Pictures are to be left out, and only the lines from the one containing "Ahh ...le añadí" through the last line of the data are to be returned exactly.

- _Recorded information_
================================

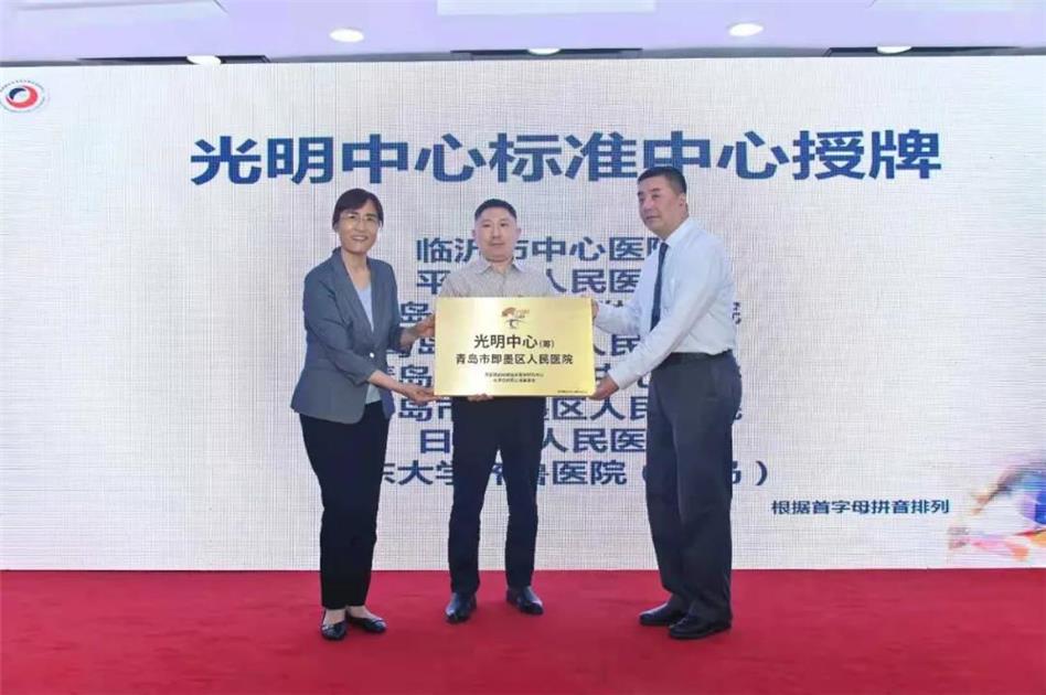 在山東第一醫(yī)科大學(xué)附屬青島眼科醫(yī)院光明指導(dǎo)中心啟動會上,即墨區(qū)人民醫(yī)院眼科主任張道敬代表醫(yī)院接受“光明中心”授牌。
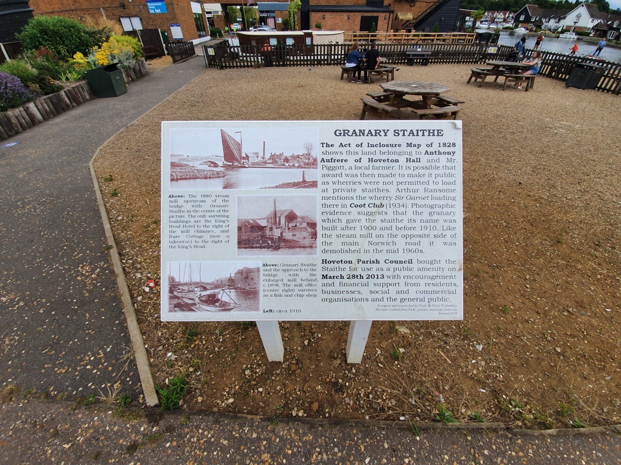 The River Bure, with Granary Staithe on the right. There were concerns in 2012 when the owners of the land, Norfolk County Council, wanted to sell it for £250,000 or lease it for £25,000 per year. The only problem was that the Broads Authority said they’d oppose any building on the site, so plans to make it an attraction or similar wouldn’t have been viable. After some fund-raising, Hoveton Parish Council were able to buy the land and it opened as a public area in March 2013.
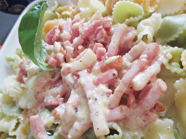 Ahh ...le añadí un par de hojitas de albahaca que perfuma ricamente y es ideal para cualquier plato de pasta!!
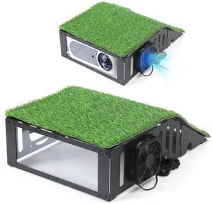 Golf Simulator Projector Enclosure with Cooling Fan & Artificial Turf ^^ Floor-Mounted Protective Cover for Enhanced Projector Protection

================================

- _The answer_
 Ahh ...le añadí un par de hojitas de albahaca que perfuma ricamente y es ideal para cualquier plato de pasta!!
 Golf Simulator Projector Enclosure with Cooling Fan & Artificial Turf ^^ Floor-Mounted Protective Cover for Enhanced Projector Protection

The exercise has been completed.